Elastic Constants Calculator

Relate Young's modulus, shear modulus, bulk modulus, and Poisson's ratio. Find any elastic constant from the others with material presets and conversion formulas.

About the Elastic Constants Calculator

For any isotropic linear elastic material, all elastic behavior can be described by just two independent constants. The four commonly used elastic constants — Young's modulus (E), shear modulus (G), bulk modulus (K), and Poisson's ratio (ν) — are all interrelated, so knowing any two allows you to calculate the other two.

Young's modulus measures stiffness in tension or compression. Shear modulus (also called the modulus of rigidity) measures resistance to shearing deformation. Bulk modulus measures resistance to uniform compression. Poisson's ratio describes how much a material contracts laterally when stretched axially — most materials have values between 0.2 and 0.45, with rubber approaching 0.5 (incompressible) and cork near 0 (no lateral expansion).
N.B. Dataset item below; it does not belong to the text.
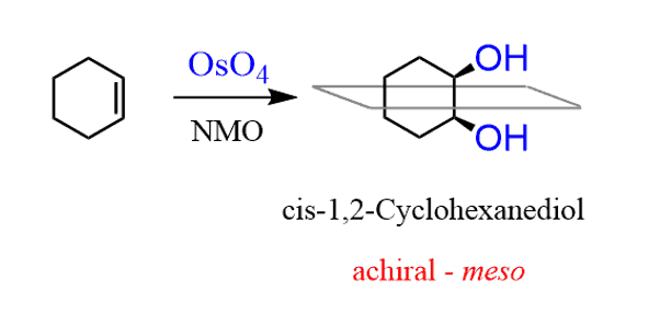 A meso compound is formed when the cyclohexene undergoes a syn addition. For example, syn hydroxylation produces the cis-dihydroxycycloheaxane, and the presence of a symmetry plane makes it a meso compound:

This calculator lets you solve for any one of the four elastic constants given two others. It includes material presets for common engineering materials, a visual Poisson's ratio indicator, and complete conversion formula references for all constant pairs.

Why Use This Elastic Constants Calculator?

Converting between elastic constants means keeping several coupled formulas straight, and that is where algebraic slips happen. This calculator handles all six two-variable combinations instantly, includes the Lamé parameters and P-wave modulus used in continuum mechanics and seismology, and gives you material presets so you can verify a result against a known material instead of trusting memory alone.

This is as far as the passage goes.